### ACTION ITEM
Take the line with "欧冠官方网站物理学院学科展室建设项目资格预审公告 作者: 编辑:郭平" and every line after it, through the end of the listing, and give them again exactly, pictures excluded.

(COLLECTED DATA)

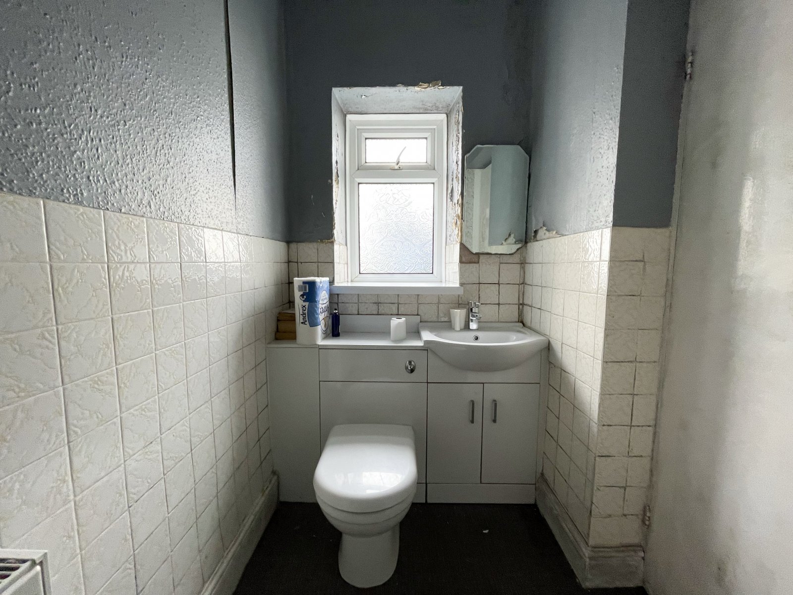 First floor bathroom, benefitting from bath, wash hand basin, w/c, carpeted flooring, half-tiled walls, ceiling light, double-glazed window to fore.
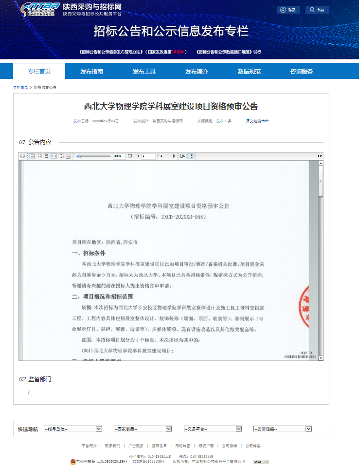 欧冠官方网站物理学院学科展室建设项目资格预审公告 作者: 编辑:郭平 时间:2020-12-08 http://bulletin.sntba.com/qualifyBulletin/2020-12-04/251055.html
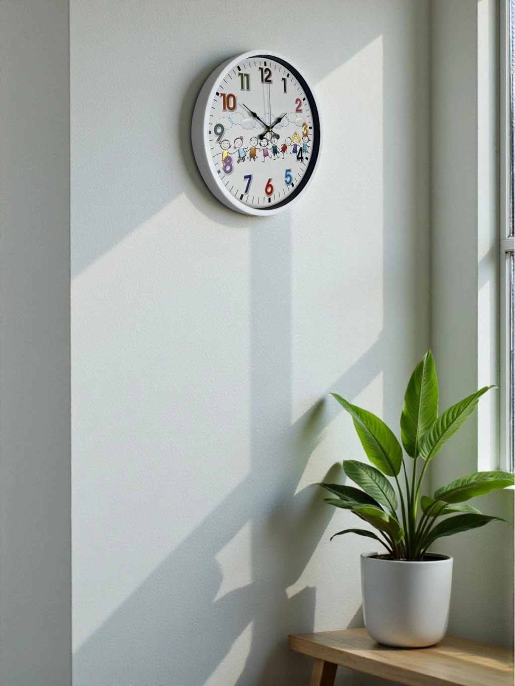 Renkli rakamları ve neşeli çocuk figürleriyle tasarlanan bu 36 cm çocuk odası duvar saati, miniklerin odasına hem eğlence hem de düzen katar.

(End COLLECTED DATA)

### ANSWER FOR THIS EXERCISE
 欧冠官方网站物理学院学科展室建设项目资格预审公告 作者: 编辑:郭平 时间:2020-12-08 http://bulletin.sntba.com/qualifyBulletin/2020-12-04/251055.html
 Renkli rakamları ve neşeli çocuk figürleriyle tasarlanan bu 36 cm çocuk odası duvar saati, miniklerin odasına hem eğlence hem de düzen katar.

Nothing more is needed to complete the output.